How did the United States shape the post-World War II organisation of the world economy? Explain in reference to EITHER finance, trade, development, OR energy.

With the coming of the 20th century, the tremendous shock which invested the global community, following the failure of humanity in harmoniously develop cohesive international relations, left a major challenge throughout the post-war era to establish a relatively peaceful system based on common interests as much as shared prosperity. The decline of European empires, in the first half of the 20th century, left uncovered the possibility to promote new agencies of global leadership, which would have the structural role of creating the global superstructure for the development of intercultural and interstate relations. Such ambition has been pursued with the reproduction of the hegemon rational which underlines the stability theory of international relations. For it the British Empire, which glory has been ceased to flourish by the end of World War I, unleashed what has been called by the 2015 finance greek minister Y. Varoufakis (2011), the Global Minotaur. The metaphor recalls the role which the USA, as benevolent hegemon, has been advocating since the ratification of the Bretton Woods conference in 1944. It is worth clarifying that, as a benevolent hegemon a core necessity became to undermine and strategically contain the ‘malignant’ hegemon, which promoted non-liberal socio-economic values, namely the Soviet Union. This paper attempts to define the global implications of the liberal financial organization during the post-war era as an ideological fallacy which, by diminishing the relevance of alternatives to capitalism, did not incorporate economic and financial fruitful critiques of the latter, while avoiding to create common grounds of shared interests(Krotty;2019). In order to do that, the paper will focus on the structural monetary policies of financialised capitalism by drawing upon the neo-Gramscian critique of the latter through an institutional morality approach as opposed to the liberal critique which lays upon the interactional morality justification (Pogge,2013).

To clarify the necessity to adopt a Neo-Gramscian approach, it is worth distinguishing some dominant intuitive features which characterize the financial development of the USA and its implications as the leading global hegemon. Firstly, the hierarchical configuration of monetary agencies which are better known as the World Bank and the IMF, implies that dominant countries would inevitably handle what they perceive as the most convenient fiscal policies both for them and the rest of the world. In order to do so, an international tension is generated so that on one side the benevolent hegemon can transform international agreements on the necessity to safeguard its primacy as much as its global plan, while on the other it has to persuade the rest of the world to conform to its vision (Keohane;1984). Secondly, once the economic power is cooperatively attained, the need to establish a military force that would protect the welfare of the international political economy from external powers seems a necessity rather than a condition. Thirdly, it is worth noting that the necessity to adjust the doctrine of the hegemon to the cooperative necessities of the global economy, led the premises in 1944 for common commitments to openness and nondiscrimination, at least until the US began to protect their status through protectionist doctrines such as the mandatory oil quotas in 1959 and the fatal break between dollar and gold at the beginning of the 70s (ibid).
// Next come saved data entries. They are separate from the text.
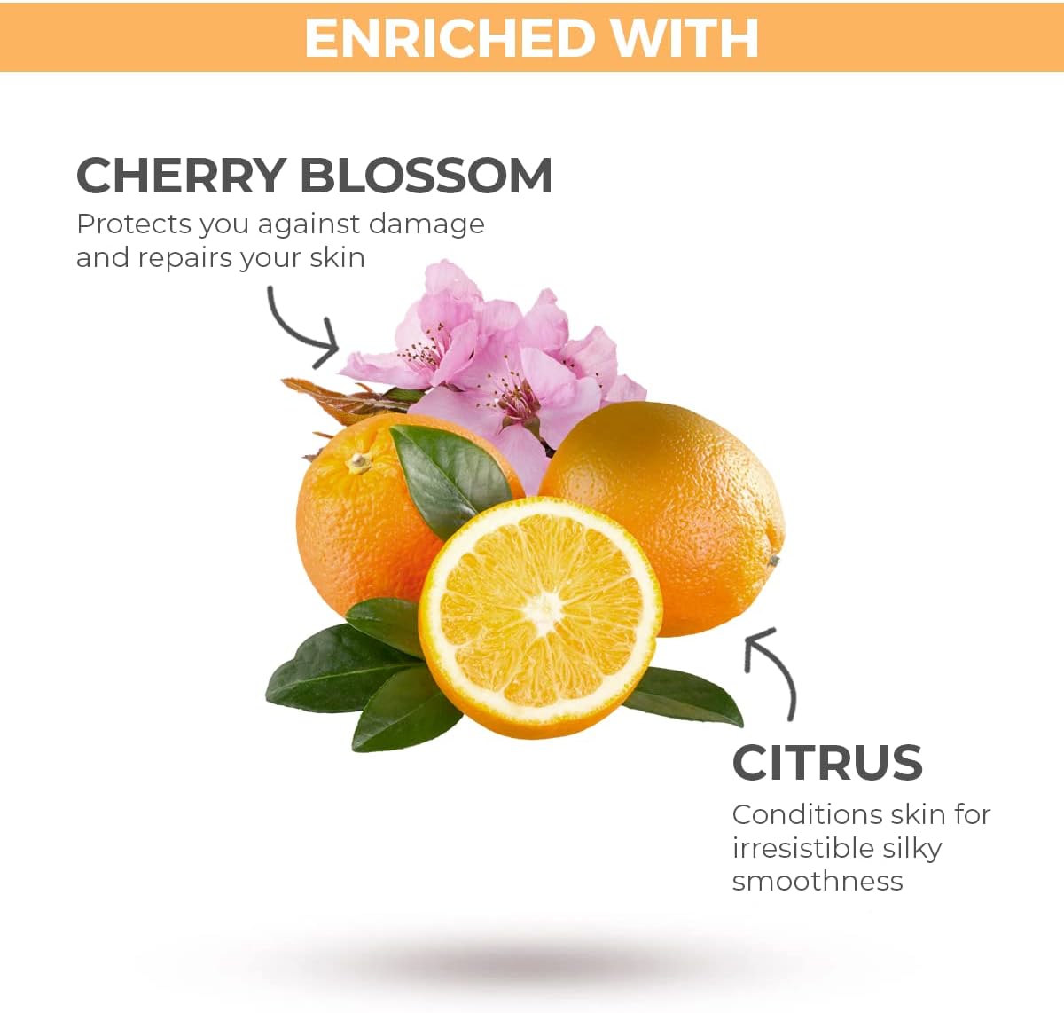 رایحهی مرکبات و شکوفههای گیلاس در این شامپو بدن ترکیبی از نشاط و لطافت است. رایحه مرکبات مانند لیمو و پرتقال با خاصیت انرژیبخش خود، حس تازگی و سرزندگی را به پوست و ذهن القا میکند. از سوی دیگر، عطر ملایم و شیرین شکوفههای گیلاس، حس زنانگی، آرامش و لطافت را به همراه دارد. این ترکیب منحصربهفرد برای استفاده در آغاز یا پایان روز بسیار مناسب است و حس خوبی به شما میدهد.
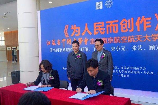 sunbet申搏官方网站党委常委、宣传部部长王晖与江苏省中国画学会副会长翟优一同签署了《关于开展中国画名家进校园的合作协议》。
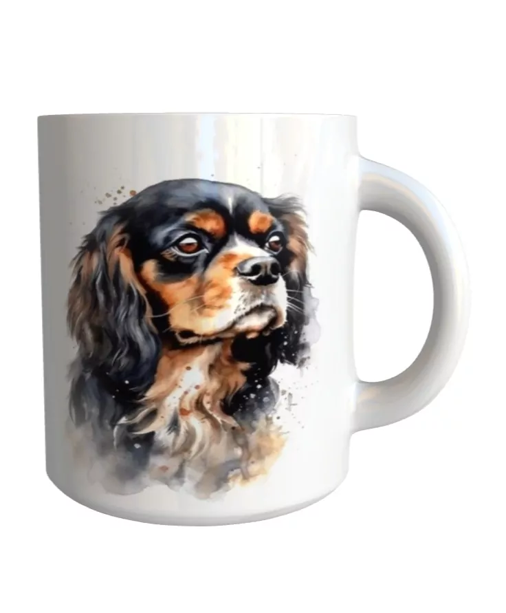 Originální keramický glazovaný hrnek s motivem psa plemene kavalír king charles španěl.

Historically, the implementation of the Bretton Woods architectures created a global platform in which nation-states began to be bonded by the Anglo-American vision of a global liberal economy. By doing so, the US took the lead to guarantee the financial stabilizer role which was previously managed by the British Empire through the Bank of England: in case of economic recession the Bank would have lent to foreign countries to compensate for British decline in sales. On this line, the IMF and the WB stepped forward as post-wars surrogates. However, to better clarify the divergence between the old and the new hegemonic system, controversial differences may be stressed: on one side, domestically, the British have been able to deploy deflationary policies over popular monetary wellbeing through the independent, non-public function of the Central Bank, on the other, in the aftermath of WWII, US financial institutions were bonded by the growing power of labor and state-interventionist implications. Furthermore, if the British Empire coercively imposed to colonial regions the structural dependence of local monetary authorities with dominant foreign interests (Helleiner;1994), the US, by pushing forward the gold-dollar over gold-standard mechanism, made it possible to adapt the rest of the world to its ‘fiscal benevolence’. Since the BW conference was executed, all countries were induced to conform to a debt-based system which responsibilities were directly backed by the exposition of the US dollar, and this popularises the adhesion of the global community after WWII. Furthermore, under US leadership, while all countries had the right to control their capital flows, they had simultaneously to commit to currency convertibility for current account repayments (Thomas;2013). However, to bear my thesis, It is worth to emphasize the US tolerance of European powers while withdrawing to make their currency convertible until their domestic economic stabilization in 1958. Meanwhile, public authorities such as the WB and the IMF gained the privilege to control international economic imbalances, by providing short-term loans to stabilize deficit countries repayments. It is worth then questioning if the privileged position of the US exhorted a sense of proudness which would inevitably deteriorate their win-win prescriptions.

 

As a matter of institutional morality, even though the US post-war financial organization has promoted a variety of progressive facets to its overall international image, the British Empire as much as US liberalism had been both responsible to monopolize a part of their hegemonic benefits: for it both the Pax Britannica as much as the Pax Americana have been deployed by their respective hegemons as self-centered behaviors embedded in accumulative tendencies over redistributive processes (Agnew;1995). As a consequence, the institutional architectures have continued to suffer the hegemonic vices of capitalism nuanced by the values of Americanism. Calleo (1987), presents a set of empirical examples which first demonstrated how the gold standard monetary system was the trampoline for the accumulative process of the British Empire from the dispossessed peripheries of the global economy; secondly, how the US proposed the commitment of the global economy to allow a system of floating exchange rate to balance their current account repayment (ibid). The current account deficit of US hegemony has been balanced by its capital account surplus, which reflects the conformity of other countries to balance American expenditures. In order to do so, the rest of the world seems irrationally willing to lend their current account surplus, in other words, their non-financial surplus, to American residents. Such a financialised mechanism exhorts non-American capitalists of the global economy, to diminish domestic investments while balancing the current account deficit of the USA. Such prescriptions and conditionalities grew parallelly to the liberalization and financial dependence of non-western economies in order to be eligible to get the IMF or WB fundings. Rodney(1972) majestically demonstrates that in order to understand the current economic and financial conditions in Africa, there is a fundamental necessity to explain the reason that led African wealth to expatriate outside of the continent: ‘so long as foreigners own land, mines, factories, banks, insurance companies, means of transportation, newspapers, power stations, then for so long will the wealth of Africa flow outwards into the hands of those elements’.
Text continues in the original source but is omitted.